Dear Partners in Green,

In 2006, Bill McKibben, a distinguished scholar at Middlebury College and leader of the climate campaign 350.org (whom I have mentioned in previous posts), wrote the book The End of Nature, one of the earliest warnings about global warming, which went mostly unheeded. 

In 2010, he urged us to acknowledge that we’d waited too long and that massive change was not only unavoidable but already underway. Our old familiar globe was suddenly melting, drying, acidifying, flooding, and burning in ways that no human has ever seen. We’d created, in a very short time, a new planet recognizable but fundamentally different. And we should indeed call it by another name, “Eaarth,” the title of his book published that year. 

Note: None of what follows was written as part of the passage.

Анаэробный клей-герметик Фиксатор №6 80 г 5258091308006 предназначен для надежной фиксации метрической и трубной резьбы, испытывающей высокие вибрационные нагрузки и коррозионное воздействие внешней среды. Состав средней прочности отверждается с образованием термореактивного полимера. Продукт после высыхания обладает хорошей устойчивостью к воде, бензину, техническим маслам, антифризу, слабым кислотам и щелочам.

Now, in 2023, it is time, indeed past time, to take his warning seriously. Every day there are signs that the earth is groaning under the weight of the decisions modern people have made since the 1800s: capitalism, individualism, and unbridled growth.  

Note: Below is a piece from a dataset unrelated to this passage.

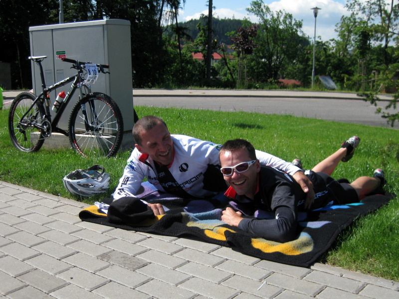 Samotný závod pak byl rutinním zážitkem, až na nepříjemné defekty, které ze hry vyřadily Marka a Liborka a skvostný výkon Zajdy ( 25./3. ), kterému dopolední erotika evidentně přišla k duhu a mohl tak letos premiérově vystoupat na bednu závodu KPŽ. Stálý absolvent dekorování vítězů Petr G. ( 34./2. ) nezklamal ani tentokrát, když v kategorii nad 40 let podleh pouze démonickému Václavu Smazalovi. Na bedně je doplnil další nestárnoucí sympaťák Tomáš Čada. Kapitán Jirka dorazil do cíle jako 49. ( 5. ), těsně před svým tradičním rivalem Jirkou Blažkem. Jo a Humr byl 10.

And this new planet that we created will be difficult to defend, and it will cost a great deal. Think of the fortune needed to repair New Orleans or the trillions it will take to transform our energy systems. Unfortunately, the endless economic growth that could underwrite such expense depends on a planet we’ve managed to damage and degrade. We can’t rely on our old way of living.

It is time for us to finally acknowledge that Bill McKibben was correct: we are living on and coping with a tough new planet.

McKibben argues that our hope depends on scaling back – on building the kind of societies and economies that can hunker down, concentrate on essentials, and create the communities that will allow us to weather trouble on an unprecedented scale. Change – fundamental change – is our best hope for a planet suddenly and violently out of balance. What will we need?

For guidance, I turned to Linda Buzzell-Saltzman.*

A brief summary of what will be required includes:

  1. Food: healthy organic food from local farms, backyards, or community gardens.
  2. Water: frugal use of scarce water.
  3. Air: high air quality standards.
  4. Shelter: green housing and furnishings from local sources.
  5. Clothing and textiles: local non-toxic fabric, clothing, and textiles grown under fair-trade conditions.
  6. Commerce and trade: locally owned and operated businesses providing needed goods and services – mostly local.
  7. Travel and transport: energy-efficient alternative transport and freight trains, bikes, electric vehicles, etc.
  8. Energy: wind, solar, etc.

Her in-depth list continues, covering Community Governance, Social Support Systems, Education, Culture and Communication, Spirit, and Soul.

As overwhelming and impossible as this list may seem, it is likely the future that will be required if we are to survive on this new planet.

The reality is we are acting too slowly. We are living as though we were on the old earth, but we are not.  

I once again quote from Gordon Leff’s essay, The Dissolution of The Middle Ages: 

“There is a time-lag which enables people to live with discontinuities long after they have occurred. It is due to the principle of inertia, which is as strong in human society as in nature; but in society it has the added element of will, in wanting to continue in the same attitudes, long after they have become intellectually untenable or practically inconsistent. Only when they become so irreconcilable that they contradict the very ends they are supposed to serve are they usually abandoned and then not without a struggle, and a rearguard action, extending in some cases over centuries.” 

We do not have ages; we do not have decades. We are down to the wire.

A beautiful summer day is not an indication that all is well. And putting one’s head in the sand is certainly not the answer. 

Regarding the changes required, I do wish we could say with confidence, “Don’t worry; we got this.”

So this month, hunker down. Limit shopping and travel, support local farmers, speak out, research and donate to environmental organizations, let that grass grow another week, and hang out your laundry to dry.  

“The greatest threat to our planet is the belief that someone else will save it.” — Robert Swan

Thank you for being on this journey.

Wishing peace and health to you and your loved ones. 

Till next time,
Beth

* Linda Buzzell- Saltzman, MA, MFT Sustainable Small Cities Project for the Future.